* [Task prompt] Leaving out the pictures, retype the lines from the beginning of the listing through the line containing "आंखों में चश्मा".

+ + + + +

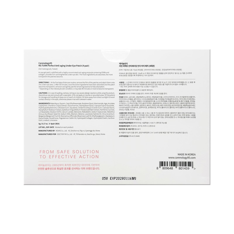 Carenology 95 RETURN Perfect Under Eye Patch 5g/0.17oz x 4 pair (8EA)
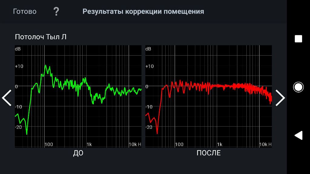 АВ-ресивер Denon AVR-X1600 имеет 7-канальную конфигурацию и декодеры Dolby Atmos и DTS-X. Использование платного приложения Audyssey MultEQ Editor позволило качественно настроить систему и видеть результаты этой настройки. Ниже на фото зеленые графики - исходные характеристики, красные графики - характеристики после настройки:
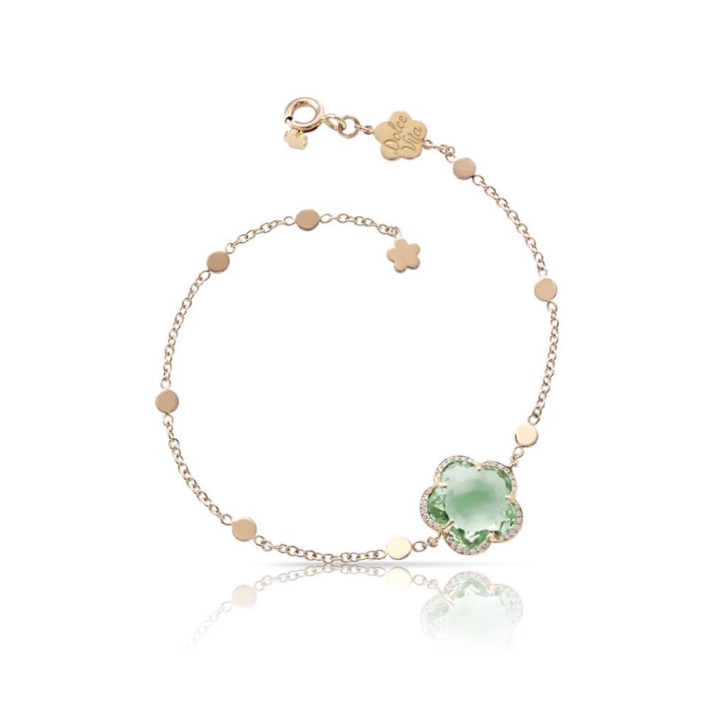 BROWN PASQUALE BON TON BRACELET IN RED GOLD, DIAMOND AND PRASIOLITE
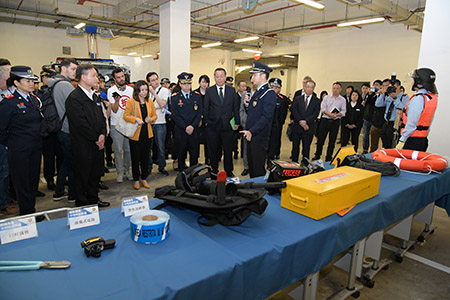 此外,現場亦設置防災救援裝備展覽區,展出水陸兩用車、纖維救生艇、無人探測船、警用無人機等多種救援設備,展示當局災害救援工作的準備情況。
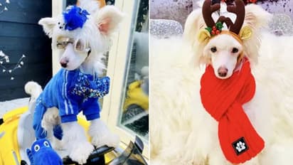 आंखों में चश्मा लगाए और नीले कलर के महंगे कपड़े पहना ये चाइनीस क्रेस्टेड ब्रीड डॉग अपनी लाइफ राजाओं की तरह जीता है।
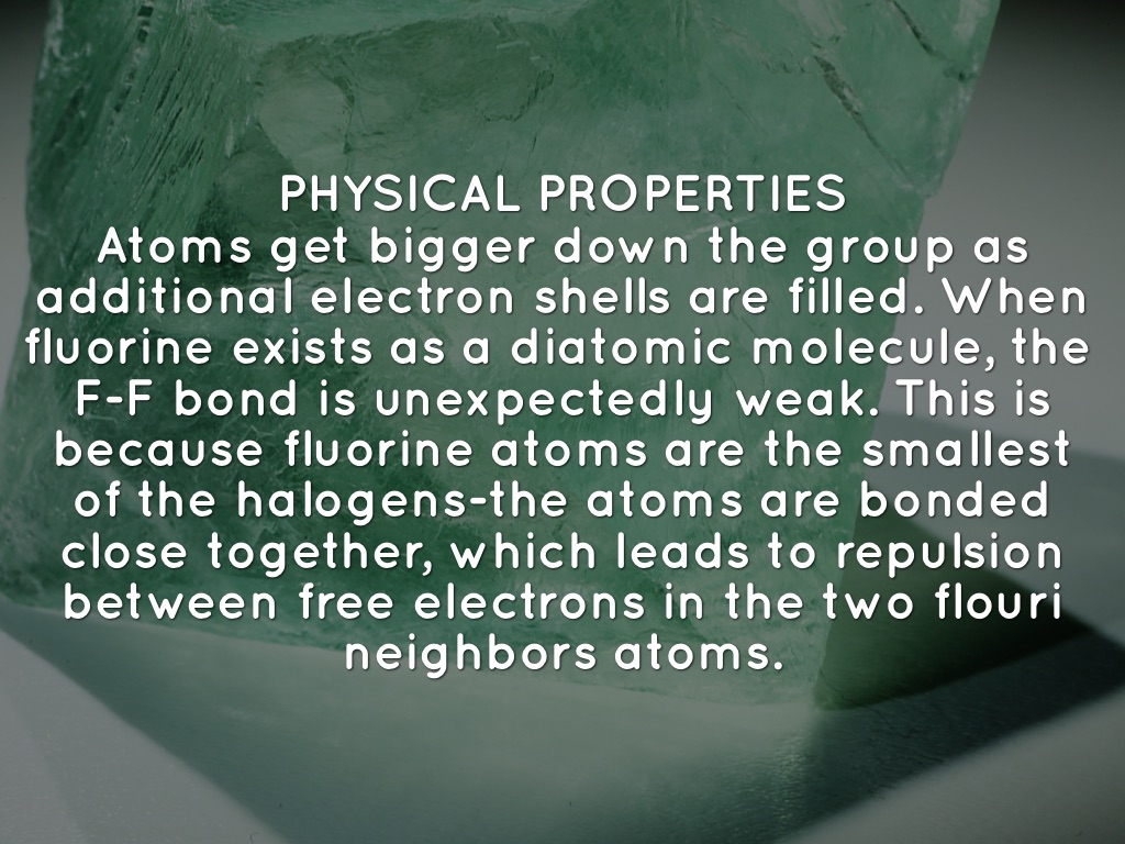 Atoms get bigger down the group as additional electron shells are filled. When fluorine exists as a diatomic molecule, the F-F bond is unexpectedly weak. This is because fluorine atoms are the smallest of the halogens-the atoms are bonded close together, which leads to repulsion between free electrons in the two flouri neighbors atoms.
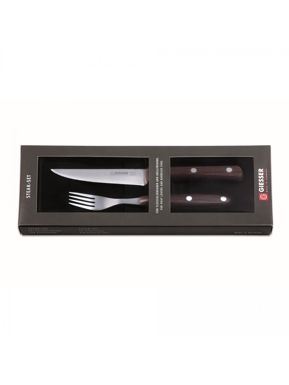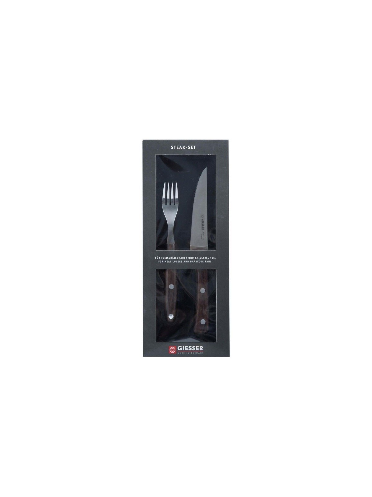 Набор кухонный поварской профессиональный: стейковый нож и стековая вилка, ручка из палисандрового дерева, Giesser. (9750-2)
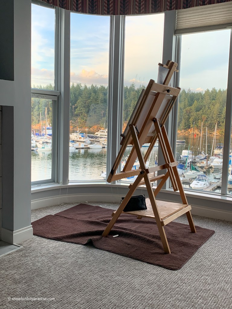Before I moved to Nanaimo, I bought a large used wooden easel with the intent to set it somewhere on the balcony or by a window to create huge masterpieces on canvas. However, it didn’t take long for me to remember that painting is messy and probably would not be well-received by my landlords who had just installed new carpet. Also, masterpieces are definitely a few years in my future.
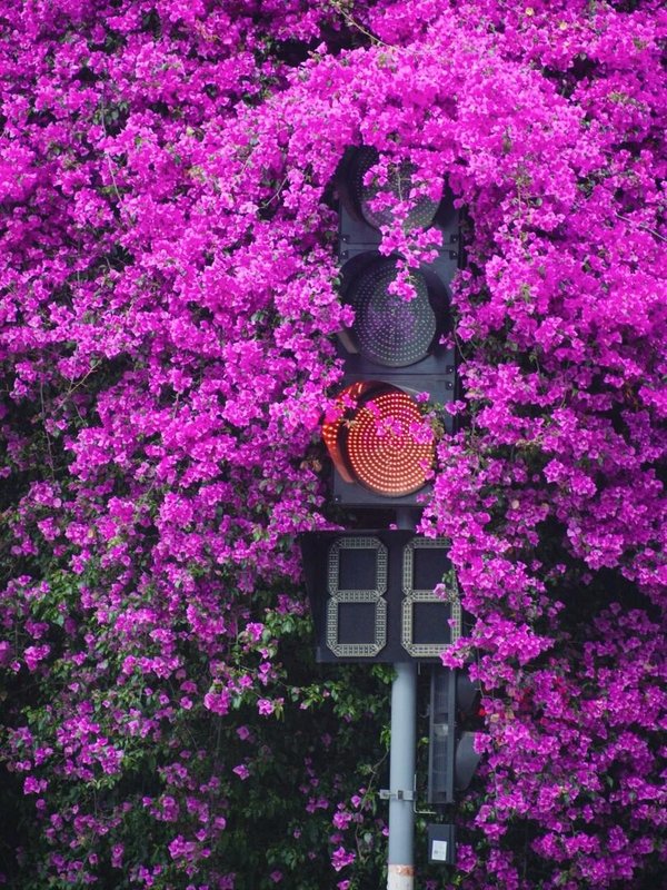 昆明街頭浪漫暴擊🌺 三角梅與紅綠燈的夢幻聯動
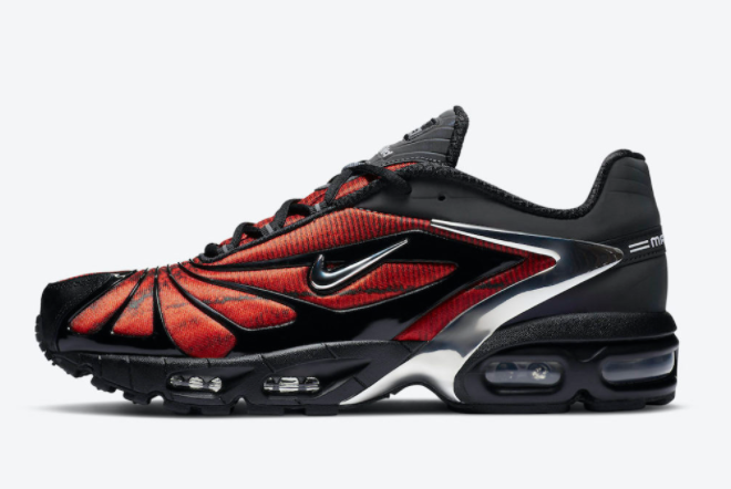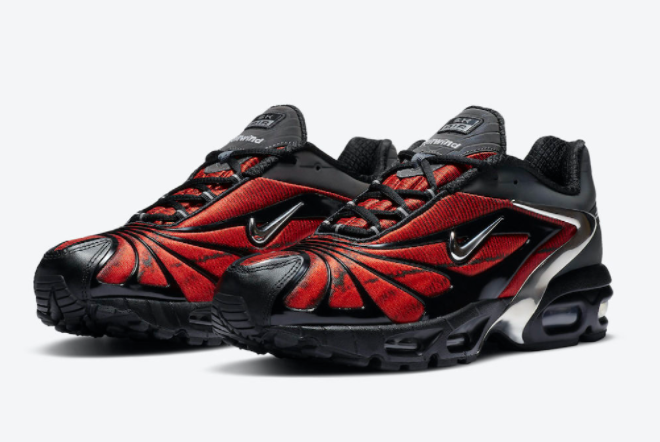 The Skepta x Nike Air Max Tailwind V ‘Bloody Chrome’ is available in men’s sizes and features the following specifications:
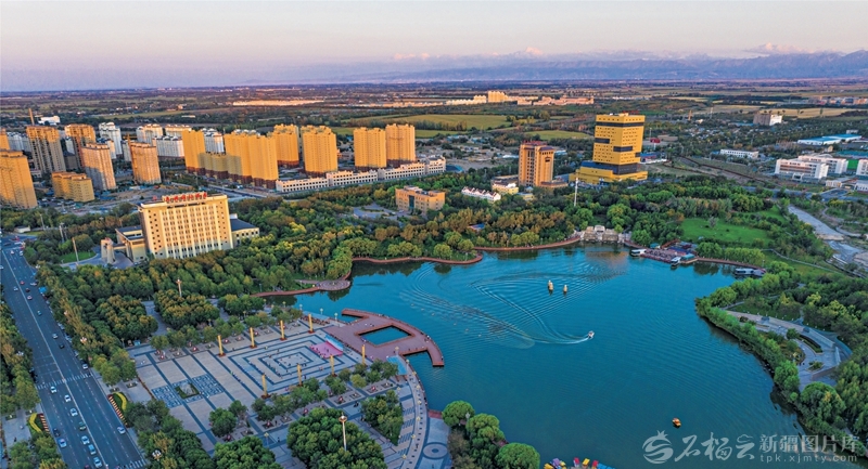 8月27日,夕阳下的奇台县靖宁文化主题公园景色怡人。近年来,奇台县着力打造和谐生态宜居城市,不断提高园林绿化水平,县城建成区绿地面积719.45公顷,人均公园绿地面积达23.26平方米,远超全国平均水平。□何龙摄

+ + + + +

* [Result for this exercise]
 Carenology 95 RETURN Perfect Under Eye Patch 5g/0.17oz x 4 pair (8EA)
 АВ-ресивер Denon AVR-X1600 имеет 7-канальную конфигурацию и декодеры Dolby Atmos и DTS-X. Использование платного приложения Audyssey MultEQ Editor позволило качественно настроить систему и видеть результаты этой настройки. Ниже на фото зеленые графики - исходные характеристики, красные графики - характеристики после настройки:
 BROWN PASQUALE BON TON BRACELET IN RED GOLD, DIAMOND AND PRASIOLITE
 此外,現場亦設置防災救援裝備展覽區,展出水陸兩用車、纖維救生艇、無人探測船、警用無人機等多種救援設備,展示當局災害救援工作的準備情況。
 आंखों में चश्मा लगाए और नीले कलर के महंगे कपड़े पहना ये चाइनीस क्रेस्टेड ब्रीड डॉग अपनी लाइफ राजाओं की तरह जीता है।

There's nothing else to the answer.